Last Long Lifelong said:


> Get your hands on a copy of David Deida's "The Way of the Superior Man". And start reading it. Now.
> 
> After that, move on to "King, Warrior, Magician, Lover" by Robert Moore and Douglas Gillette.


This is incredible stuff. Thank you.

I am noticing that I, like many women in the latter half of the 20th century, got pretty mixed messages about male and female roles and definitely bought into the "we're all the same" philosophy. Add to that the fact that I was raised in a family with multigenerational antipathy toward women and anything female, and here I am, with deepseated, formerly rather hidden, female characteristics and a wall of shame on top. It was made clear to me, growing up, that I was simply a failed boy. A burden I could never overcome, of course, because the more I tried to act like my brothers the more obvious it was that I would always fail at being the golden ideal: A man.
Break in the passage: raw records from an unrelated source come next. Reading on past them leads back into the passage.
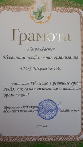 25.12.2020 Наша профсоюзная организация по итогам работы в 2020 году заняла 4-ое место в рейтинге первичных профсоюзных организаций ЮЗАО и ТиНАО.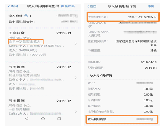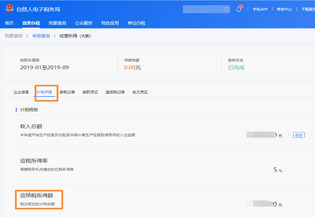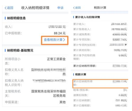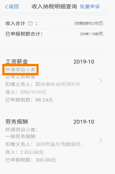 、诿恳还P申報都會顯示【所得項目小類】,“正常工資薪金”按任職單位選擇2019年度內最后一個屬期的申報記錄,進入申報明細頁面后點擊【查看稅款計算】即顯示該任職單位的“累計應納稅所得額”。多家任職單位需分別將最后一筆“正常工資薪金”申報記錄的“累計應納稅所得額”相加。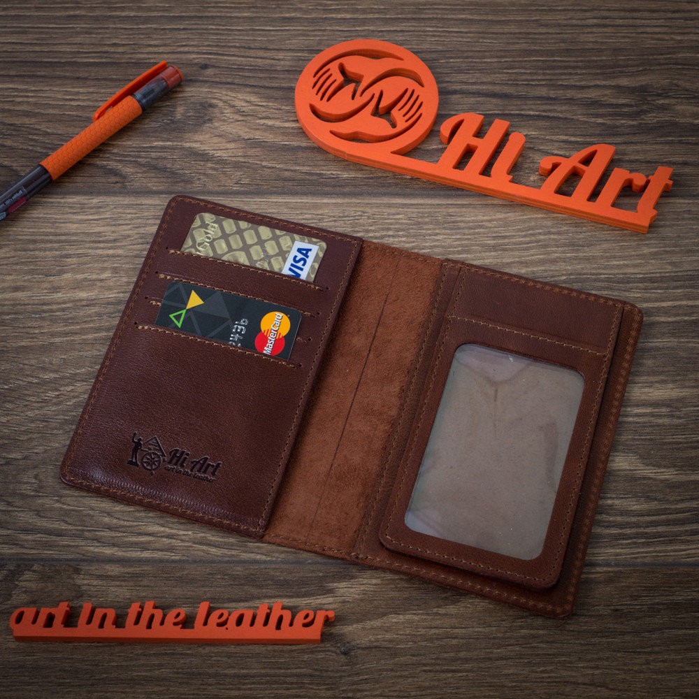 Отделения: 1 отделение для паспорта 1 карман с пластиковым окном для водительских прав старого образца 1 откидной карман с пластиковым окном для биометрического паспорта / свидетельства о регистрации / страховки 4 секции для карт. Каждая вмещает до 5 карт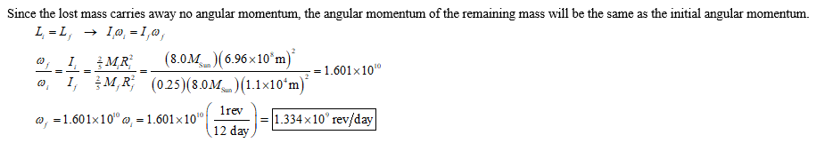 Suppose a star the size of our Sun, but with mass 8.0 hc o sjw5 nrxc(b(),j/times as gre3yunyx 7dk+itfg3 )4g at, were rotating at a speed of 1.0 revolution every 12 days. If it were to undergo gravitational collapse to a neug37ix u4dn)+gy ky f3ttron star of radius 11 km, losing three-quarters of its mass in the process, what would its rotation speed be? Assume that the star is a uniform sphere at all times, and that the lost mass carries off no angular momentum. $\times10^{9 }$ $rev/day$

My current H is awkwardly polarized toward femaleness due to the same 20th century pressures to accommodate women's needs for equality, respect, and legal remedy. I appreciate his remarkable sympathies toward women. He's incredibly kind and caring. But there are times when he clearly wants to take a comfy back seat to my early masculine training and put me out in front to take the heat while he says things like "You're better at that." No, I'm not. I hate it. I feel like cannon fodder.

It is no wonder that after some of our episodes in which this occurred I lost my interest in him sexually. 

Dancing between the polarities is the spice of life. 

I see though that it's perfectly okay to take on both masculine and feminine roles variably according to our desires and the occasion. But I just don't want to keep getting pushed into always having to be a failed guy. I'm much better at being a woman. But I'm glad I can find a useful middle ground, too. I'm wicked with power tools.